At the same time, as the economy recovered, employers needed workers and started to think about how they could draw workers back into the labour market, and on what terms. 

A lot of complex things happened over the course of that year-and-a-half that changed people’s attitudes toward what kinds of jobs they wanted do and what kinds of conditions they were willing to work under. In this phase, we saw workers gaining more individual and collective power. 

For instance, people who used to work in the restaurant industry, who had tough jobs with relatively low pay, saw opportunities to work in sectors that had plentiful, remote work. Many service-industry businesses struggled to find workers as the supply of potential workers dried up. 

In terms of collective action, we saw more worker militancy, and the emergence of a strike wave in Canada beginning in late 2021. In 2023, the person-days not worked because of strike action reached 6.6 million, around six times higher than it was in 2019, the year before the pandemic. 

That militancy was driven by a combination of wages falling behind inflation, coupled with a sense of indignation around the unequal sacrifice and unequal reward in the wake of the pandemic. 

How might all of this inform labour relations in the future? 

One of the most interesting things for the labour movement is that we now have a generation of workers who, having never been on strike before, are increasingly involved in labour action. 

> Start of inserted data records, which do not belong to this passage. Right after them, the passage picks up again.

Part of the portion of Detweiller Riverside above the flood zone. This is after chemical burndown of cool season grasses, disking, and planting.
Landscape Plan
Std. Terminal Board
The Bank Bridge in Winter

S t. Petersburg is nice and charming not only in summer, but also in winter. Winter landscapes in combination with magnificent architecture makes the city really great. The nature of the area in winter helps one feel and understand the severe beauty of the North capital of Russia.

This surge in labour action is driven by growing dissatisfaction with working conditions and the fading memories of the union defeats by neoliberal governments in the 1980s, such as the miners’ strike under British Prime Minister Margaret Thatcher and the air traffic controllers’ strike under U.S. President Ronald Reagan. 

Now, because there have been some really important recent victories through strikes, it has created the idea that, yes, this tool is now available to us again. 

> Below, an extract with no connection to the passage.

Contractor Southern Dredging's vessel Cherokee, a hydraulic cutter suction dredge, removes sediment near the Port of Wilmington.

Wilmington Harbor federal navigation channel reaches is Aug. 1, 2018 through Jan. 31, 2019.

And frankly, I think a lot of people are thinking, “What else are we going to do?” because it’s a choice between fighting or accepting a situation that is untenable. Many more people are thinking, “What else do I have to lose?” 

And that means that we now have, amongst young workers entering the labour market, the most pro-union generation, even if they’re the least likely to be unionized. The conditions are ripe for more labour action, but this generation has to seize the moment.